Infection facts
• Infection is a host’s response to a pathogen.
• Viruses, bacteria, fungi, and parasites cause infection.
• Infection results when a pathogen enters the body; the pathogen attaches to a cell and destroys the cell’s protective membrane, spreads through blood and lymph, multiplies, and causes infection in target organ or tissue.

Understanding infection
• Results when a host organism responds to a pathogen or disease-causing substance.
• Develops when tissue-destroying microorganisms enter and multiply in the body.
• Takes the form of minor illnesses, such as colds and ear infections, or results in a life-threatening condition called sepsis, which causes widespread vasodilation and multiorgan system failure.
• Caused by four types of microorganisms:

How infections develop
Infection occurs when the body’s defense mechanisms break down or when microorganisms override the defense system. Other factors include:
• poor nutrition
• stress
• humidity
• poor sanitation
• crowded living conditions
• pollution
• dust.
Infection results when a pathogen enters the body through direct contact, inhalation, ingestion, or an insect or animal bite.

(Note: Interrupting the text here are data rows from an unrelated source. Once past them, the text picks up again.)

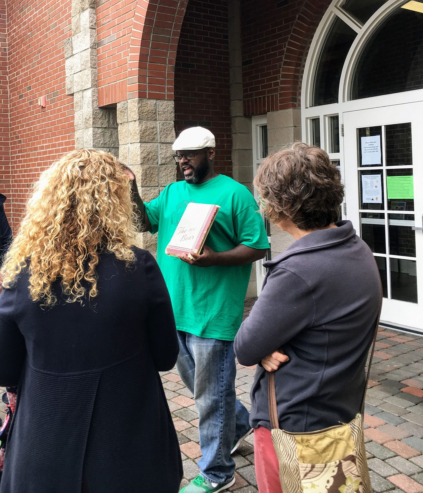 The tour began two years ago, when Barton was looking for a way to start a business that would combine his passions for art and social justice. “Art validates the story” of injustice and abuse, he says. “It also has a healing component.” To that end, spoken-word poetry performances by Barton himself and interludes by local musicians are peppered throughout the tours. “In the state of Black Asheville / Smoke-puffing metal dinosaurs seek out whom they may destroy,” begins one of his poems, titled “Regentrification Park.” For Barton, these elements are essential, because they help the local black community, whose history has been erased, rebuild its sense of self. And instead of lecturing people on this very real issue, he “uses art as an expression of one’s position creatively.”
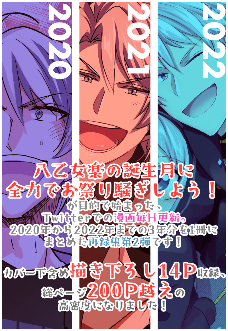 34 138 【新刊告知】 9/18(日)トプステ30 【ヤ39a:甘飴細工】 『八乙女楽月間再録集2』イベント頒布価格1500円 2020年~2022年の8月の毎日更新をまとめた再録本です! 表紙カバー帯付、描き下ろしありの206Pです🌹よろしくお願いします~! pixivサンプルと書店委託はリプ欄へ↓ 22/09/14 23:07
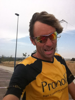 Despues sobre las 15:50 comenzaba en compañía de Fernando Dorronsoro, hemos subido hasta Pueyo por caminos, después hemos cruzado a la carretera de Olleta para pasar por las pozas y subir por El Conde, luego hemos regresado de nuevo a Tafalla. He aprovechado el paso por Tafalla para subir a casa coger algo de fruta y merendar. Ya en solitario he dado la vuelta a la variante de Olite, después al paso por Tafalla me quedaban solamente seis kilómetros que los he completado por el recorrido del cross en compañía de Iñaki Urrutia.
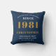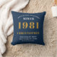 Een gepersonaliseerd klassiek kussenontwerp voor dat verjaardagsfeest voor speciaal man geboren in 1981 en 40 jaar oud. Voeg de naam toe aan dit retro-stijl blauw, wit en gouden ontwerp voor een aangepast 40e verjaardagscadeau. Bewerk eenvoudig de naam en het jaar met de sjabloon die u hebt opgegeven. Een prachtig aangepast blauw verjaardagscadeau. Meer geschenken en feestbenodigdheden voor dat 40e feest zijn beschikbaar in de winkel.
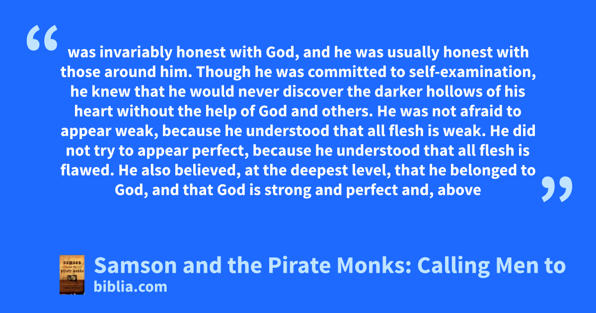 was invariably honest with God, and he was usually honest with those around him. Though he was committed to self-examination, he knew that he would never discover the darker hollows of his heart without the help of God and others. He was not afraid to appear weak, because he understood that all flesh is weak. He did not try to appear perfect, because he understood that all flesh is flawed. He also believed, at the deepest level, that he belonged to God, and that God is strong and perfect and, above
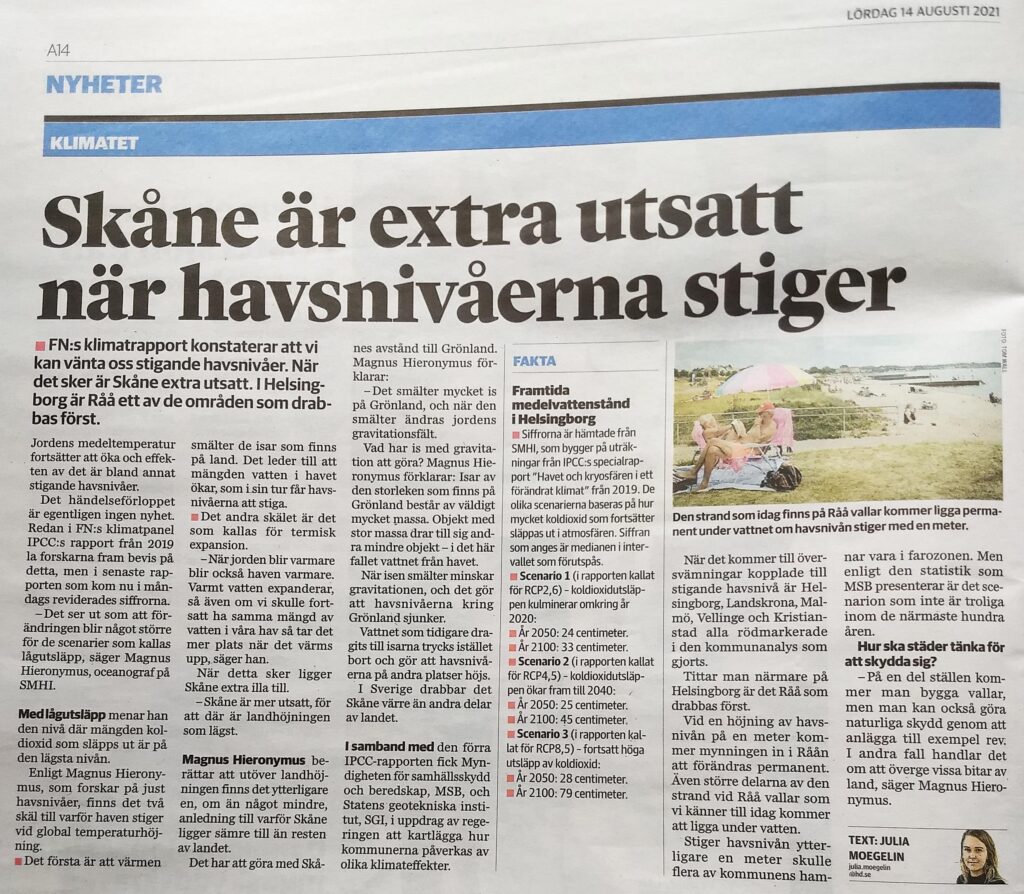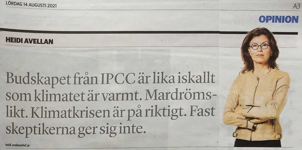 Heidi Avellan ansvarar för ledarsidan på HD/Sydsvenskan det vill säga dess politiska ställningstaganden. Den 14/8 ägnar hon hela sidan åt IPCC och klimatet, men visar att hon är medveten om kritiken från olika håll,. bl.a. från KLIMATSANS. Vi känner oss hedrade av sådan uppmärksamhet.
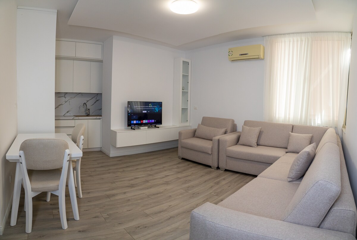 This apartment is located in "Delijorgi Building Complex" about 9 minutes walking from the city center. Everything on this apartment is made with the idea of a premium luxury apartment concept. You can find every facility that you need inside the building complex also outside of it as well. The apartment is brand new and all electronics are chosen with care.
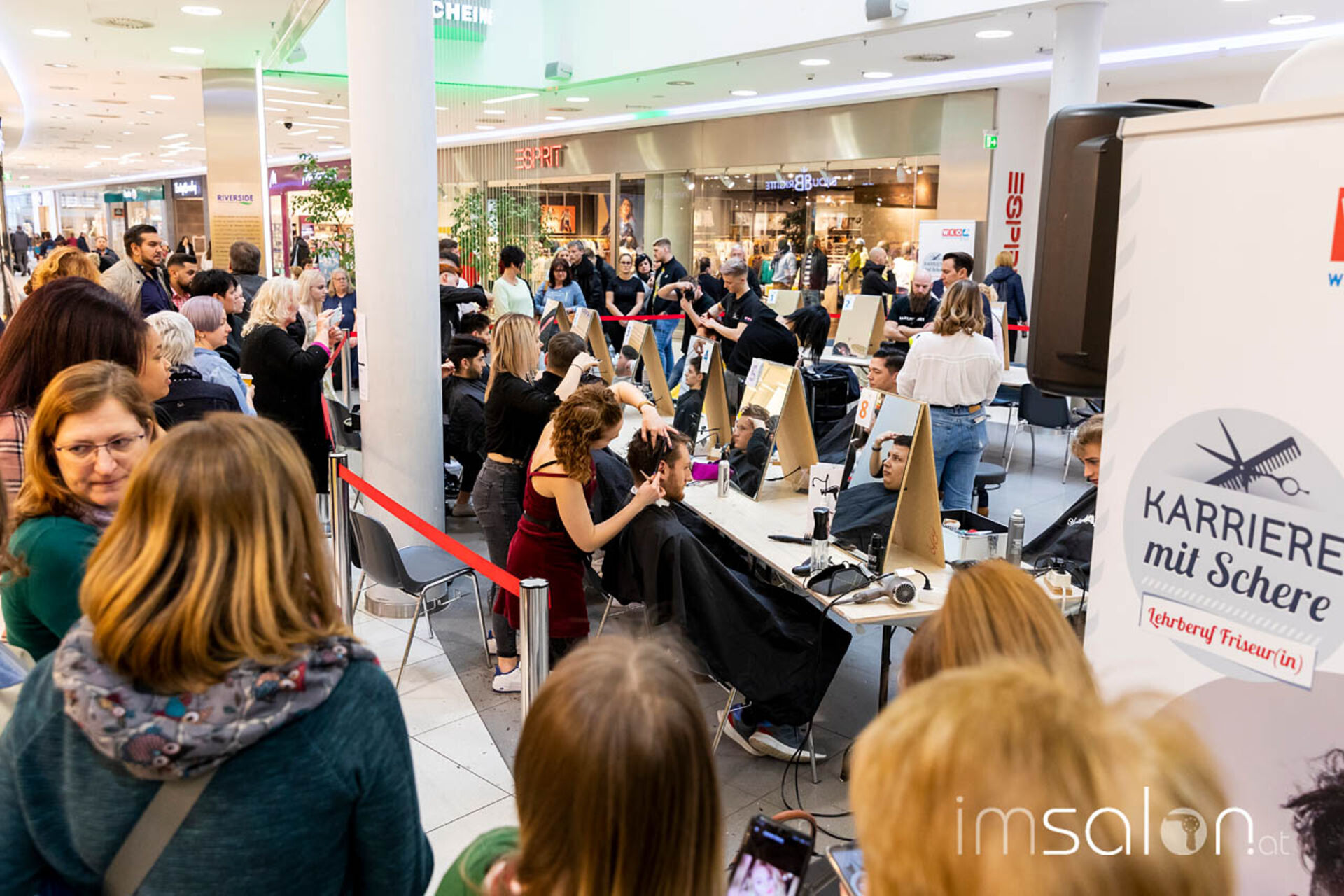 Neben Familie, Freunden, Salonteams fanden sich auch immer wieder Kunden des Einkaufszentrums ein, um den preisfrisierenden Nachwuchstalenten zuzuschauen. Die Idee, dem Lehrlingswettbewerb eine öffentlich zugängliche Plattform zu bieten und die Branche einen Tag lang für ein breites Publikum in den Fokus zu rücken, ging damit auf.

Understanding infectious disorders
Herpes simplex — virus fuses to host cell membrane, turns off host’s protein synthesis, and replicates; and viral deoxyribonucleic acid is released.
Herpes zoster — reactivation of varicella-zoster virus; trigger of reactivation unknown.
Infectious mononucleosis — virus invades B cells of oropharyngeal lymph; B cells die, and virus is released in blood; fever and other symptoms occur.
Lyme disease — tick injects spirochete into blood or deposits feces on skin; after incubation, spirochetes migrate, cause a rash, and disseminate to other skin areas and organs.
Rabies — bite transmits virus through skin; the virus replicates and spreads to the spinal cord and brain where it replicates again.
Respiratory syncytial virus infection — virus transmitted through respiratory secretions; bronchiolitis or pneumonia occurs (severe cases may lead to bronchiolar epithelial damage); and alveolar spaces may fill with fluid.
Rubella — virus transmitted through body fluid contact; the virus replicates in respiratory tract and spreads to the bloodstream.
Salmonellosis — a gram negative bacilli that is ingested through contaminated food or water, or through contact with an infected person or animal; the bacilli then invades the upper small bowel and causes bacteremia.
Toxoplasmosis — intracellular parasites are ingested; parasites are then released and invade and multiply in the GI tract; the parasitic cell ruptures host and disseminates throughout the body.